There is more chance of lockdown restrictions being totally lifted in June than any explanation being forthcoming.


----------



## Hitchington (23 Apr 2021)

I'm hoping it will get moved back, so I can share my mildly interesting information.


----------



## HobbesOnTour (23 Apr 2021)

In the forum rules it is asked that Mod decisions are not questioned publicly.


----------



## Hitchington (23 Apr 2021)

I'm merely asking for support so I can post my mildly interesting information about England's original saint.


----------



## Landsurfer (23 Apr 2021)

Surely the Patron Saint of England could not possibly cause offence to anyone ?


----------



## Landsurfer (23 Apr 2021)

HobbesOnTour said:


> In the forum rules it is asked that Mod decisions are not questioned publicly.


So Boris and Hancock are our mods !!  !!


----------



## Darius_Jedburgh (23 Apr 2021)

Nobody is questioning the decision, merely asking for an explanation.


----------



## PeteXXX (23 Apr 2021)

Things like this just aren't British, don't you know!!


----------



## Sharky (23 Apr 2021)

Hope this thread doesn't drag on.


----------



## MontyVeda (23 Apr 2021)

I noticed two St George threads, one in N&CA, the other in the Cafe. Have they just been merged?


----------



## MontyVeda (23 Apr 2021)

Sharky said:


> Hope this thread doesn't drag on.


boom boom!


(taxi for one)


----------



## Venod (23 Apr 2021)

Hitchington said:


> It was in the Cafe but now is in the "other" forum. I wanted to post some mildly interesting information about England's original saint but now I can't. Please explain, mods?

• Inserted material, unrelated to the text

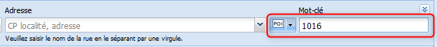 Vous pouvez également rechercher un numéro de client dans le champ de saisie de l'adresse. Si vous placez le signe « + » au début du mot-clé, la valeur est recherchée dans toutes les bases de données pour lesquelles la recherche rapide est activée et où des champs de recherche ont été définis.

Why can't you post in the other thread ?


----------



## Ming the Merciless (23 Apr 2021)

Here be dragons


----------



## Tenacious Sloth (23 Apr 2021)

Probably just an anti-Turkish thing.


----------



## SpokeyDokey (23 Apr 2021)

Hitchington said:


> It was in the Cafe but now is in the "other" forum. I wanted to post some mildly interesting information about England's original saint but now I can't. Please explain, mods?



I believe there were two threads and a colleague Mod combined them.

It's newsworthy to a degree and hence resides in NACA.

You know why you can't post if it is in NACA.

Any queries etc please use the Contact Us facility - thank you.


----------